The market officially stopped trading on Friday 8th of November, 1974 – the entire enterprise relocated to Nine Elms in Vauxhall. Boursnell, of course, was there, recording the end of a very particular era of London history. The following Monday morning he returned to Covent Garden to photograph crowds of office workers walking, for the very first time, past the closed up market. He shot 52 rolls of film of a place forever changed; a place that, over the subsequent years, would see huge transformation – the densely packed seethe of shops, restaurants, tourists, and street performers that now exist in its place making for a very different kind of bustle.

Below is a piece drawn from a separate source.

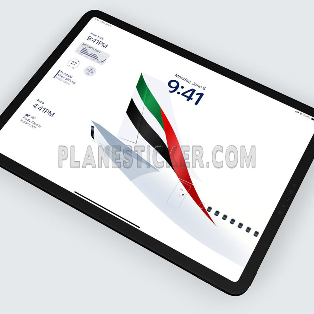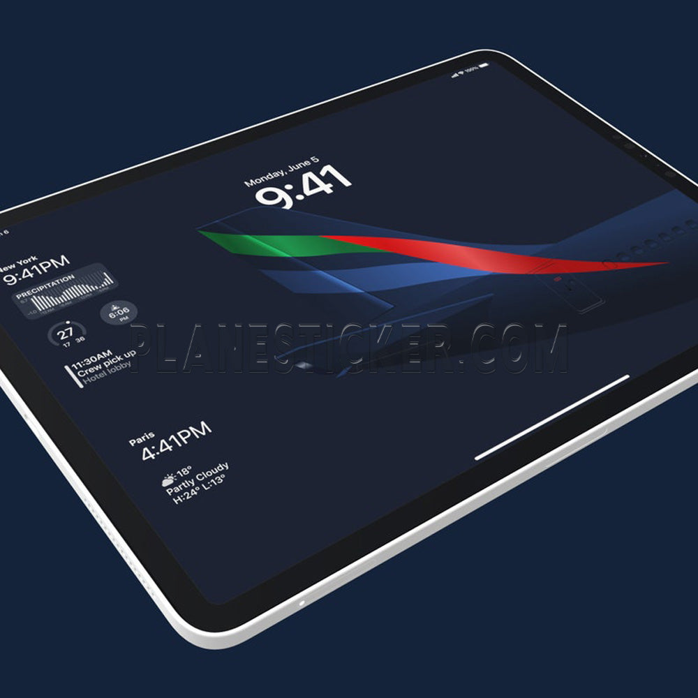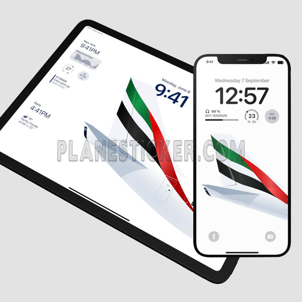 Personalise your iPad and iPhone with our Emirates wallpapers. Fly high in luxury and style with our exclusive Emirates wallpaper set for your iPad and iPhone. With a choice of both light and dark mode, these high-resolution wallpapers feature iconic Emirates planes and logos that will transport you back to the skies every time you glance at your phone. Perfect for aviation enthusiasts and anyone looking to add a touch of Middle Eastern sophistication to their device. Simply download and set as your background to instantly elevate your iPad and iPhone's look and feel. Fly in style with Emirates.

Still, Boursnell’s portraits remain, encapsulating the old market in its many moods and moments. It’s this plurality that perhaps makes his work especially compelling. Here everything is caught in passing. A hand. A face. A shared joke. A lit window. A box of broad beans. A barrow being pulled across slushy streets. A silent space waiting for the day’s deliveries. “Each picture is like a tiny facet of a multifaceted diamond before it becomes a whole,” he says. “I asked myself time and time again, ‘if I could only use one piece of film, what is the picture I’d take to say this is Covent Garden?’ – and I was never able to answer it.”